Mutations in the TERT promoter represent the genetic underpinnings of tumor cell immortality. Beyond the two most common point mutations, which selectively recruit the ETS factor GABP to activate TERT, the significance of other variants is unknown. In seven cancer types, we identify duplications of wildtype sequence within the core promoter region of TERT that have strikingly similar features including an ETS motif, the duplication length and insertion site. The duplications recruit a GABP tetramer by virtue of the native ETS motif and its precisely spaced duplicated counterpart, activate the promoter and are clonal in a TERT expressing multifocal glioblastoma. We conclude that recurrent TERT promoter duplications are functionally and mechanistically equivalent to the hotspot mutations that confer tumor cell immortality. The shared mechanism of these divergent somatic genetic alterations suggests a strong selective pressure for recruitment of the GABP tetramer to activate TERT.

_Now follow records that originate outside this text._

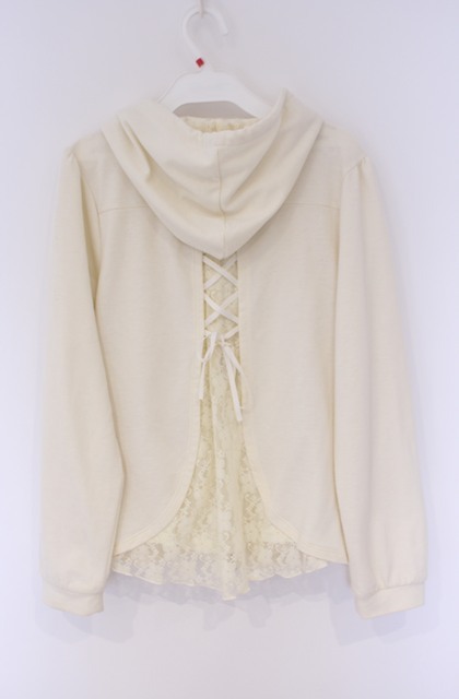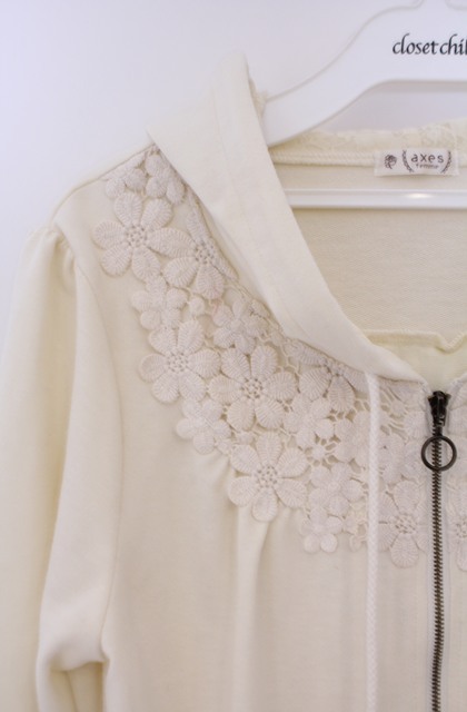 axes femme / バックシャンレースパーカー M アイボリー O-26-02-07-1017-AX-TO-YM-OS
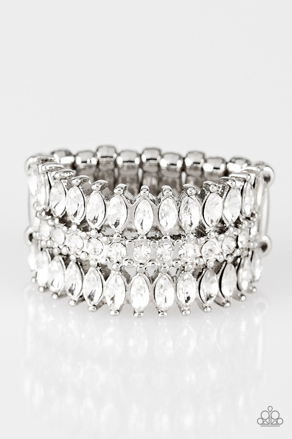 Featuring refined marquise cuts, glittery blue rhinestones flare from a center of glassy white rhinestones, creating a regal band across the finger. Features a stretchy band for a flexible fit.
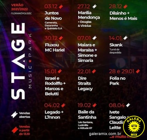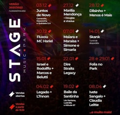 Pouco mais de um ano e meio depois de parar todas as operações, em respeito às determinações do governo para combater a Covid-19, o Stage Music Park, em Florianópolis, está de volta e anuncia diversos shows ecléticos para a temporada, entre eles: Alceu Valença, Marília Mendonça, Skank, Israel e Rodolffo, a banda britânica Dire Straits Legacy, Ludmilla, Ivete Sangalo e Claudia Leitte e muito mais.
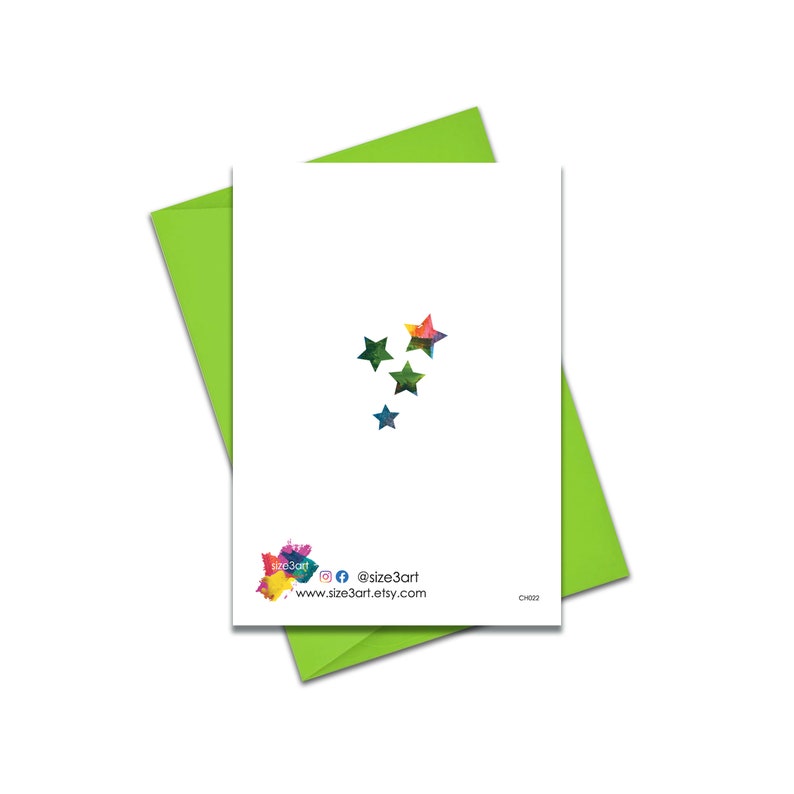 A bright and cheerful Christmas card full of colourful stars from Coatbridge based size3art.
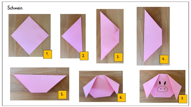 - Wir beginnen mit einfachen Figuren. Du wirst heute einen Schmetterling, eine Katze, ein Schwein und einen Vogel falten. Die Anleitungen findest du hier als Bild.
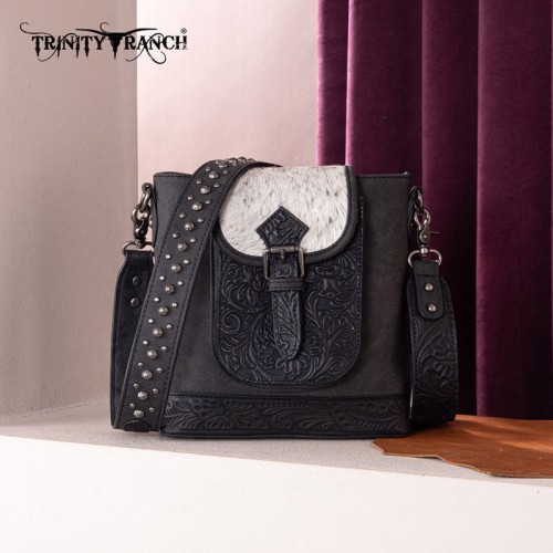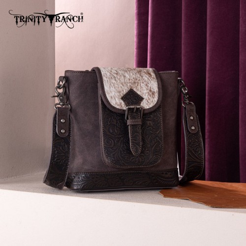- Floral tooled and genuine hair-on cowhide
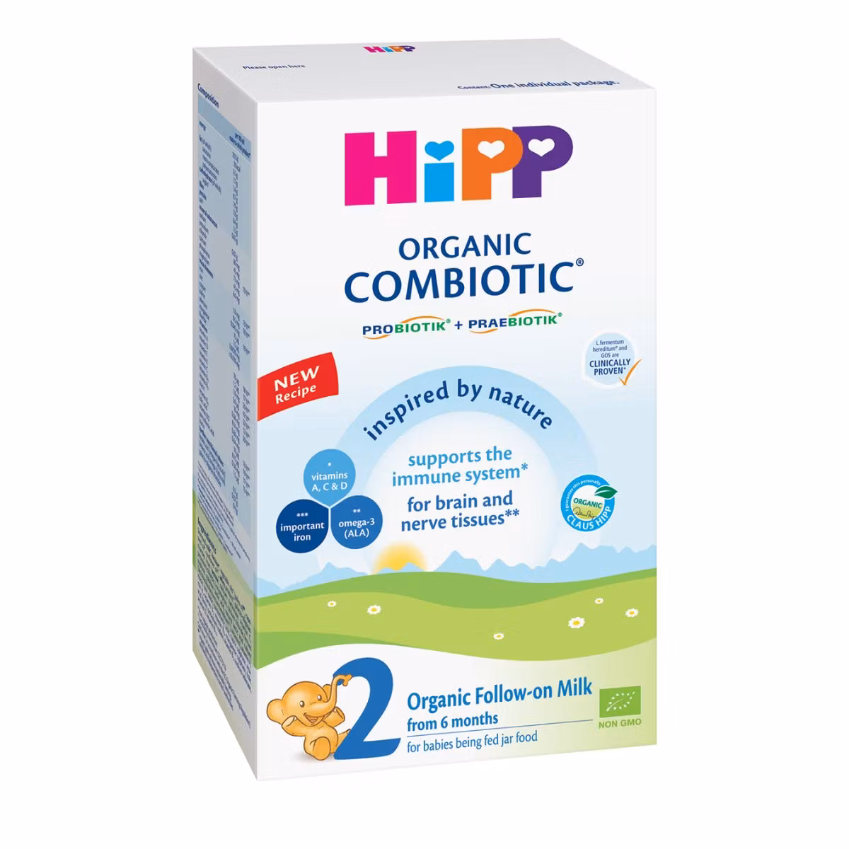 Hipp Organic Combiotic 2 është qumësht formulë i pasur me vitamina, minerale dhe acide yndyrore të domosdoshme për zhvillimin e shëndetshëm të foshnjave. Përmban Probiotik të shtuar që janë të rëndësishëm për mikrobiomën e zorrëve të fëmijeve tuaj. Është i formuluar duke përdorur vetëm përbërës organik. Përdoret për foshnja që nuk ushqehen me gji ose për të plotësuar ushqyerjen me gji. Është burim i Kalçiumit, Fosforit dhe i vitaminës D, të cilat luajnë rol të rëndësishëm në zhvillimin e shëndetshëm të kockave. Rekomandohet të konsumohet nga foshnjat mbi 6 muaj.
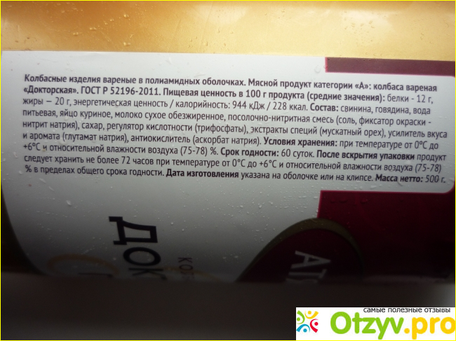 Колбаса изготовлена в искусственной оболочке, на которой размещена информация о составе продукта. Данная колбаса изготовлена по Стандарту, принятому в 2011 году. К сожалению, современные Стандарты отличаются от советских в худшую сторону. Они разрешают применять низкосортное мясо и различные добавки, которых не было в советских ГОСТах.
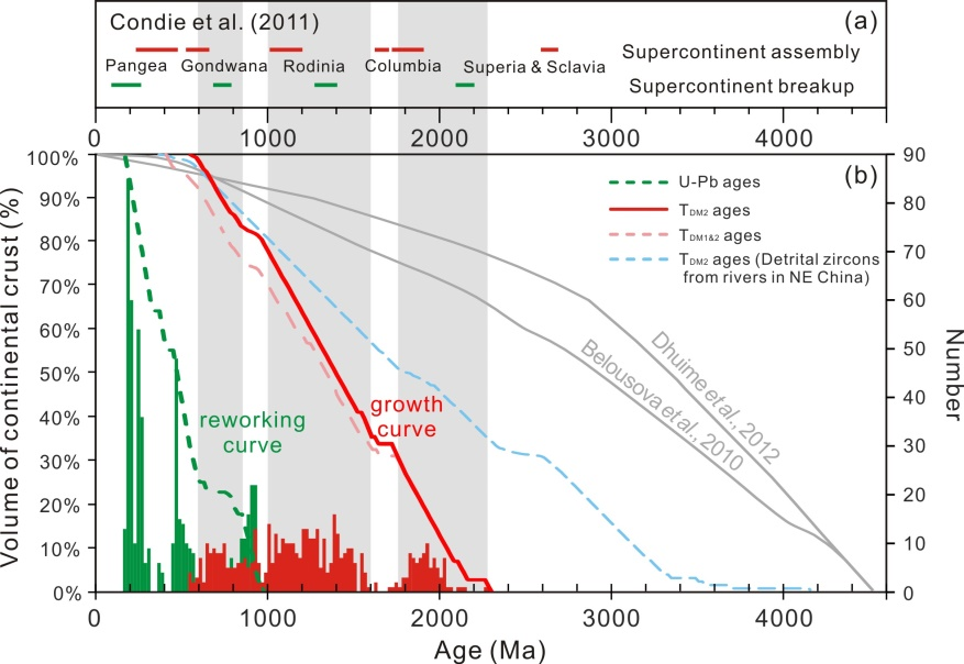 地球区别于其他类地行星的重要标志是其具有演化所形成的长英质大陆地壳。大陆地壳形成的机制和速率等一直是地球科学领域研究的前沿与核心问题。超大陆的旋回历史与大陆地壳的生长与演化过程密切相关,这也被地球历史上周期性分布的地质记录所证实,包括花岗岩和碎屑锆石的结晶年龄、地幔柱、大火山岩省和绿岩带的形成年龄等等。然而,目前关于全球大陆地壳生长模式的主流观点是,现今大陆地壳的主体是在 ~ 2.5Ga之前就已形成,并且具有渐进式生长的特点,这与地球历史上幕式分布的岩石组合和地质事件形成了鲜明对比。这种现象的产生可能是由于前人的研究大多聚焦于克拉通地区,而对造山带陆壳增生方式及造山带内不同构造单元陆壳演化的研究却涉及较少。
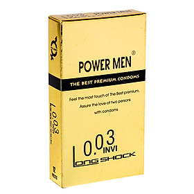 Mua tại TiktokBao cao su chống xuất tinh sớm siêu mỏng Power Men 0.03 Invi Long Shock Với ưu điểm vượt trội : siêu mỏng 0.03mm, Power Men 0.03 Invi Long Shock là sản phẩm bao cao su chống xuất tinh sớm mỏng nhất thế giới hiện có trên thị trường, độ mỏng chỉ 0.03mm giúp truyền nhiệt cực nhanh, giữ lại cảm giác chân thật nhất cho cả hai bạn. Sản phẩm được sản xuất và kiểm nghiệm chặt chẽ theo tiêu chuẩn ISO9001, đảm bảo được độ bền qua các bài kiểm tra về sức chịu nén, kéo giãn theo đúng tiêu chuẩn như các loại bao cao su thông thường.
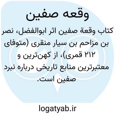 [ویکی نور] وقعة صفین، اثر ماندگار نصر بن مزاحم منقری، به زبان عربی است که توسط عبدالسلام محمدهارون تحقیق و منتشر شده است.
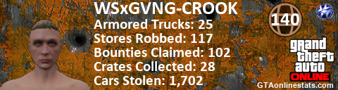 [URL=http://GTAonlinestats.com/showplayer/WSxGVNG-CROOK][IMG]http://GTAonlinestats.com/crimesignature/WSxGVNG-CROOK/sig.png[/IMG][/URL]

TERT启动子的突变代表了肿瘤细胞永生的遗传基础。除了两种最常见的点突变（选择性招募 ETS 因子 GABP 来激活TERT）之外，其他变异的意义尚不清楚。在七种癌症类型中，我们鉴定了TERT核心启动子区域内野生型序列的重复，它们具有惊人相似的特征，包括 ETS 基序、重复长度和插入位点。复制凭借天然 ETS 基序及其精确间隔的复制对应物招募 GABP 四聚体，激活启动子并在表达TERT的多灶性胶质母细胞瘤中克隆。我们得出的结论是，反复出现的TERT启动子重复在功能和机制上与赋予肿瘤细胞永生性的热点突变相同。这些不同体细胞遗传改变的共同机制表明，招募 GABP 四聚体以激活TERT存在强大的选择压力。